On March 21, 2018, the Vermont Senate approved S.197, a bill that (1) establishes strict liability, jointly and severally, for any person who releases a toxic substance and (2) creates a private right of action for medical monitoring damages related to toxic substance exposure. The Vermont House Judiciary Committee split the bill in two after hearing extensive testimony. The strict liability provisions are now attached to an unrelated bill, S.123, while the medical monitoring provisions remain in S.197.
S.123: Strict Liability for Toxic Substance Release – Amending 10 V.S.A. ch. 159 §§ 6685-86
If adopted as currently drafted, this bill will change dramatically the way toxic substance releases are regulated and litigated in Vermont. First, the bill’s proposed new definition of “toxic substance” is sweeping. The definition includes any substance “identified as toxic or hazardous under state or federal law” as well as any substance “that has been shown at any time to cause increased risk of disease.”
Second, creating strict liability for releases would effectively invalidate environmental discharge permits provided by either the state or federal governments. The bill would expose an entity to strict liability for any release, regardless of whether the entity obtained a permit authorizing that discharge or activity.

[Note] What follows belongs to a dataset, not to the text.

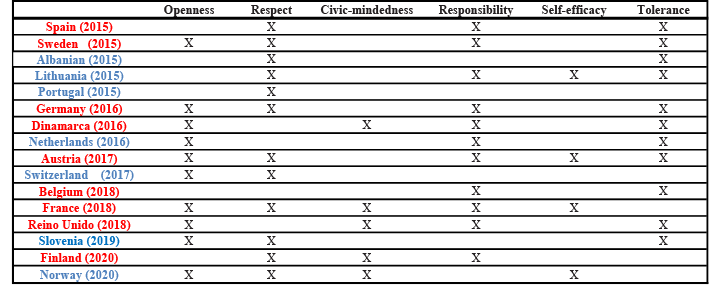 TABLE III. Inclusion of attitudes analysed in documents issued by European governments.

Third, the bill proposes joint and several liability. Any company found to be liable for any part of the release would be liable for all of the damages. Companies would still be able to sue others for contribution. Fourth, the right to seek contribution under the draft bill includes the right to sue a manufacturer for failure to warn of “a toxic substance’s propensity to cause the harm complained of.” However, the bill fails to identify who the manufacturer must warn. The language only refers vaguely to warning “a person.” This hearkens to California’s long-criticized Proposition 65 and its far-reaching consequences.
In an effort to protect consumers and business interests, S.123 also calls for the Commission of Financial Regulation to monitor how the bill affects pricing and availability of insurance in Vermont. The bill proposes an effective date of July 1, 2019 for strict liability, and would apply only prospectively.

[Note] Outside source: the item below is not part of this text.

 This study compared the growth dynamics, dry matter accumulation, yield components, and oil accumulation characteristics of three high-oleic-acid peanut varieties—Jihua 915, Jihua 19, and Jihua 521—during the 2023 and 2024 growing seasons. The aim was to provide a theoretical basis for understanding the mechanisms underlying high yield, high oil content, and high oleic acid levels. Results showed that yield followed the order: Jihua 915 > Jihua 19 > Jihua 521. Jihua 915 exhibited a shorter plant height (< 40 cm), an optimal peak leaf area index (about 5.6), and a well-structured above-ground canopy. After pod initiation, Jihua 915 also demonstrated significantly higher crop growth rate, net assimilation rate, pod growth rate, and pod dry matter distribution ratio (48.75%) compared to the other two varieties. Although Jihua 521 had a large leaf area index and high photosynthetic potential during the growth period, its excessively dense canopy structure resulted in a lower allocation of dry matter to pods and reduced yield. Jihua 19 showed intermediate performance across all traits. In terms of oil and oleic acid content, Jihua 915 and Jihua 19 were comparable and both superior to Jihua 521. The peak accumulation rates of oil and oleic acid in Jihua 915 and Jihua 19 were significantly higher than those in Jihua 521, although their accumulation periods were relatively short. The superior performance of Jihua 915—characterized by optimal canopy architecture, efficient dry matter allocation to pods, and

S. 197: Medical Monitoring Damages – Amending 12 V.S.A. ch. 219 §§ 7201-02
If adopted in its current form, the amendment would set a low bar for plaintiffs seeking medical monitoring damages. The amendment would allow a plaintiff “with or without a present injury or disease” to bring suit against a person who released a toxic substance. The plaintiff would have to show that (1) they were exposed as the result of tortious conduct by the defendant, (2) there is a “probable link between exposure . . . and a latent disease,” (3) the plaintiff’s exposure increases the risk of contracting the latent disease, (4) diagnostic testing is reasonably necessary, and (5) medical tests or procedures exist to detect the latent disease. As it stands, the amendment does not require the plaintiff to show a disease is even likely to occur, only that there is an increased risk. The draft bill’s proposed effective date is July 1, 2018.
The implications of these bills for entities engaged in activities related to toxic substances in Vermont, including manufacturers whose products end up in Vermont, are broad. We will continue to monitor S.123 and S.197. If passed, the bills will push Vermont-related entities to carefully analyze their compliance regimes and reconsider their appetite for toxic tort liability.